Flexible Inputs, Outputs, and Ongoing Conversations

The Responses API is simpler and more flexible, offering enhanced capabilities. It accepts both text and image inputs, and outputs can be in text or structured JSON format. While images can be generated using external tools, the API’s built-in features for managing conversation state make it easier to maintain ongoing dialogues. Each response can reference previous interactions, allowing for seamless conversation continuity. Additionally, the API supports streaming, providing real-time response feedback for a more interactive experience.

Integrating Powerful Tools

The Responses API supports a variety of tools, enhancing its flexibility. Like the Chat Completions API, you can incorporate your own functions and build custom tool capabilities. Additionally, the Responses API offers several built-in tools. For instance, it includes a web search tool that allows you to access real-time information from the web, beyond the model’s pre-existing data. It can also perform file searches if you provide the necessary files, offering a straightforward way to implement retrieval-augmented generation (RAG) techniques. Furthermore, the API includes an image generation tool, although using this feature requires organizational validation through an identity check. This means you can utilize the latest GPT image model within the Responses API without needing the separate Image API.

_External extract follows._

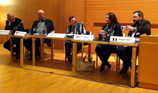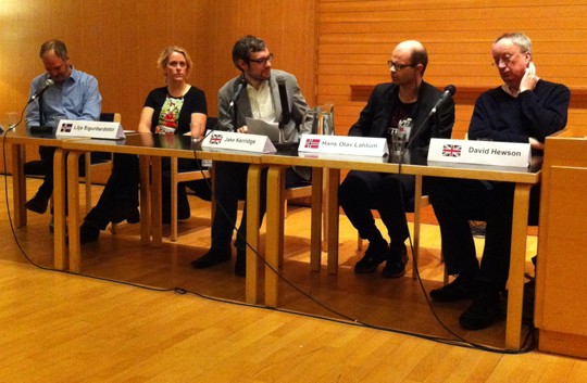 The action began with a panel on a the core topic of the conference – Nordic Perspectives. Moderated by Telegraph journalist Jake Kerridge, it brought together two Brits who have written books based in Nordic countries – David Hewson (the novel adaptations of The Killing, set in Denmark) and Michael Ridpath (The Fire and Ice series, set in Iceland) with Icelandic author Lilja Sigurdardottir and Norway’s Hans Olaf Lahlum (The Human Flies).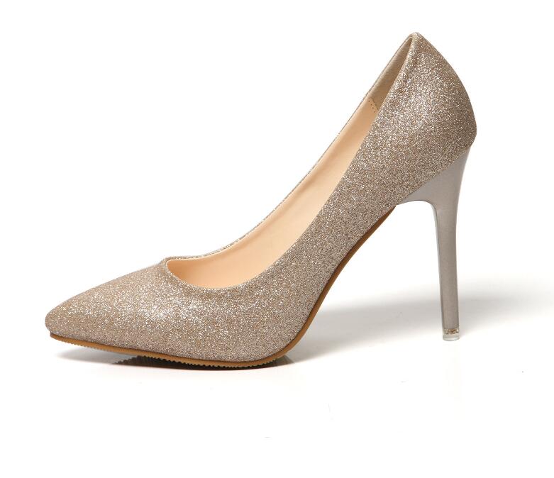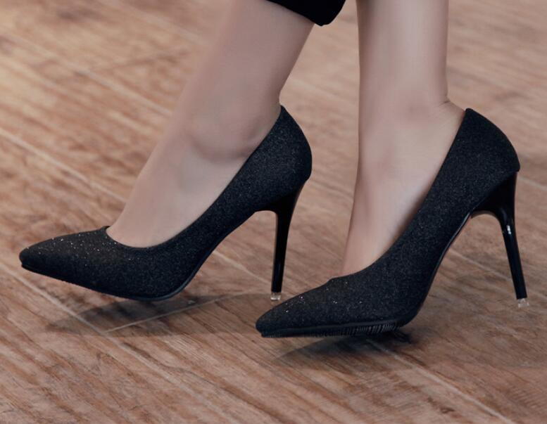 Shallow-mouth pointed stiletto gold and silver black high heel single heel shoes

Connecting with External Systems via MCP

The Responses API includes the ability to connect with remote Model Context Protocol (MCP) servers. MCP allows organizations to expose their data capabilities to AI systems in a straightforward manner. For example, you can interface with GitHub to retrieve information about a repository using GitHub’s MCP server. Similarly, a Shopify MCP server might enable you to add items to a shopping cart using plain English commands, such as “Add this item with this item ID to this cart ID.” The MCP protocol informs OpenAI about the functions and usage of these external systems, making it a powerful new capability.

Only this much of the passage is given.